Last week I introduced the Design Cubicle’s new logo and this week I would like to share my creative process with all of you. Before I begin, it’s important to have an understanding how the name ‘Design Cubicle’ name to be: Around my 2nd year of high school I began to take graphic design more serious and consider it as my career path. I continued working at it, improving my skills and continued my education at Temple University. Taking my very first ‘introduction to design’ class, I remember there was no better feeling than sitting behind the computers with my headphones on… designing, creating, thinking — in my own little world. My career path led me to various design studios directly out of college and found myself sitting behind cubicles with my headphones on, once again designing — freeing myself from everything elseWhile most dislike the dreaded cubicle, I oddly enough found myself enjoying it. For me, it served as my own world. A place to create, interact with other designers, learn and forget about everything else in my life — my own design community. Now working mostly from home as an independent graphic designer, I wanted my blog to reflect the same sense of community that the workspace and “cubicle-life” provided me — A place to create, interact and learn — The Design Cubicle.

Phase 1: Defining the goal

The goal was to create a logo that was memorable, represented the cubicle concept and showed a sense of community and connectedness, as discussed above. I also wanted it to be simple and smart, since I am a firm believer that less is more. It also had to work well in various sizes, since it was to be used as the site’s favicon and other smaller online propaganda.

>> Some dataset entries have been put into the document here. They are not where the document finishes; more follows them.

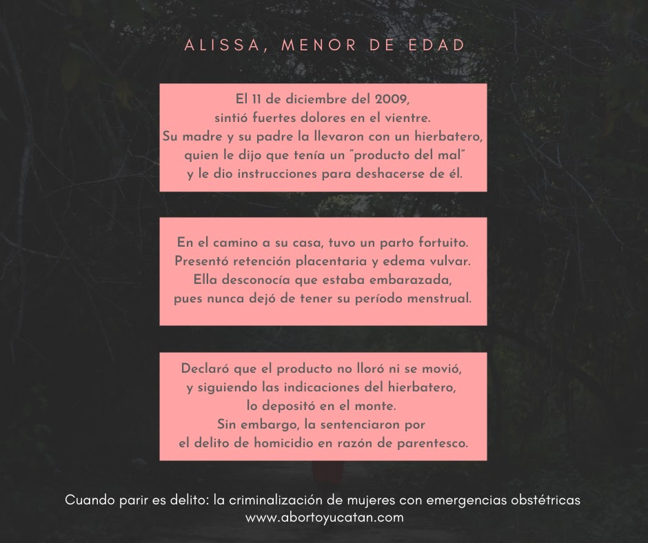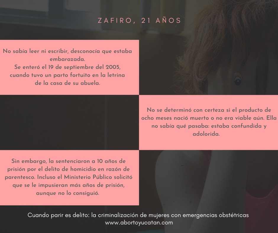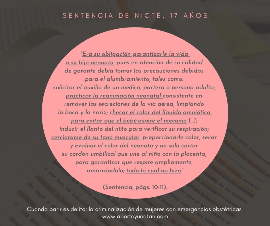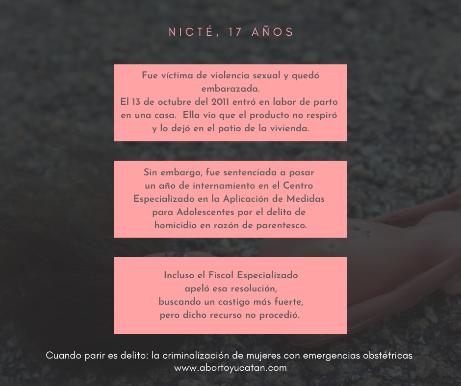 Nicté*, una menor de edad originaria de Tahdziú, tuvo un parto fortuito a los siete meses de gestación, en un embarazo producto de violencia sexual. Nunca llevó control prenatal. Al acusarla, el Fiscal argumentó que “dejó de actuar aunque tenía el deber legal de hacerlo” y “no solicitó ayuda para el parto”.
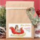On these Holiday decorative stickers, a Shetland Sheepdog sits in a pretty red and gold decorative sleigh. Beside the dog sits gift packages tied with colourful bows. The gold script text at the right says "MERRY CHRISTMAS" and your custom text is in red. Perfect for your Christmas correspondence or gift packages! There are many other breed images and products at Dog Village.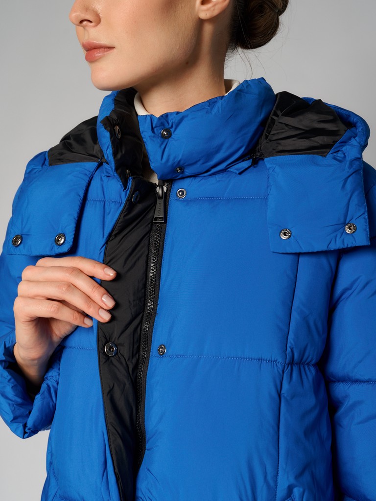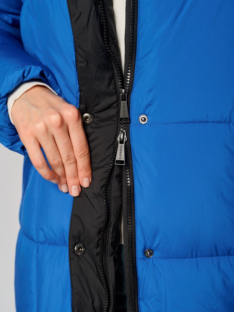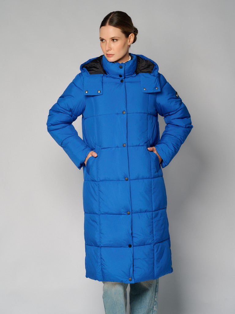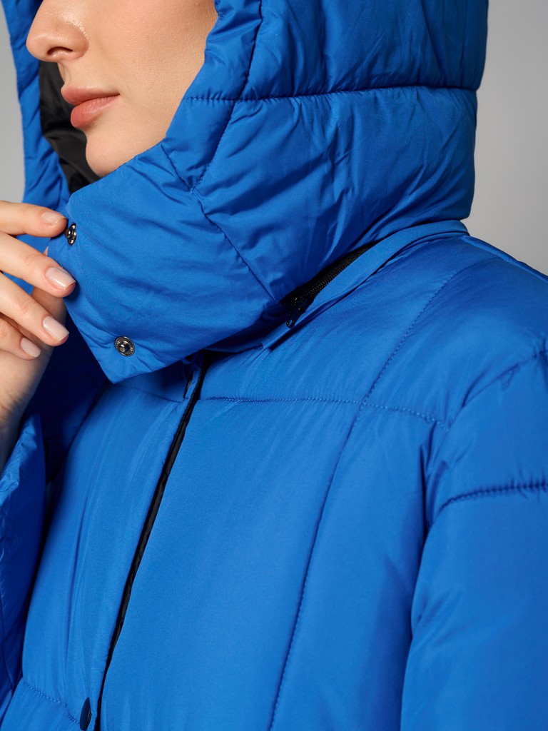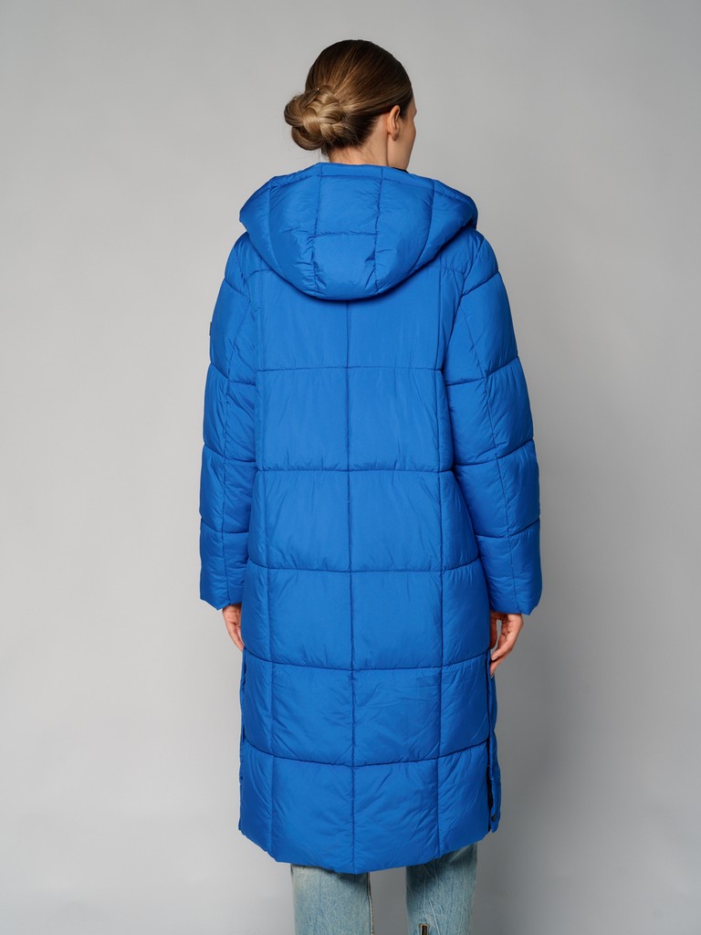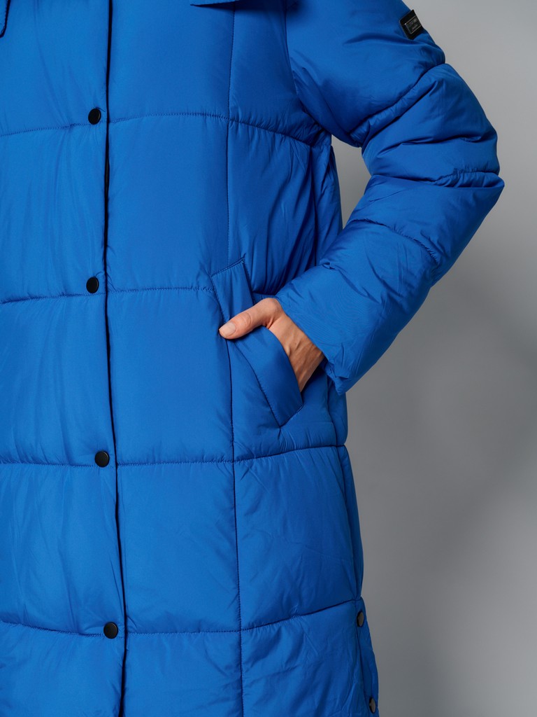 Женское стеганое пальто синего цвета. Модель с воротником-стойкой на кнопках и глубоким капюшоном на кнопках, кнопками по центру изделия, с врезными карманами. Стильная теплая модель для зимы и холодного межсезонья.

Phase 2: Sketching and visual brainstorming

Sketching is an extremely important step of any design process. It helps to get your ideas down quickly and without attention to unnecessary detail in the beginning. Below, you can see where the final logo was starting to take form in the sketches circled in red.

Phase 3: Bringing the above ideas to the computer

Once I had some groundwork to pull from, I opened up Illustrator and did some “computer sketching”, playing around with various combinations and more ideas. Notice below that some of the ideas steered away from the initial goal, but sometimes turning another direction gets you back on the correct path — Guess that’s why it’s called a creative “process.”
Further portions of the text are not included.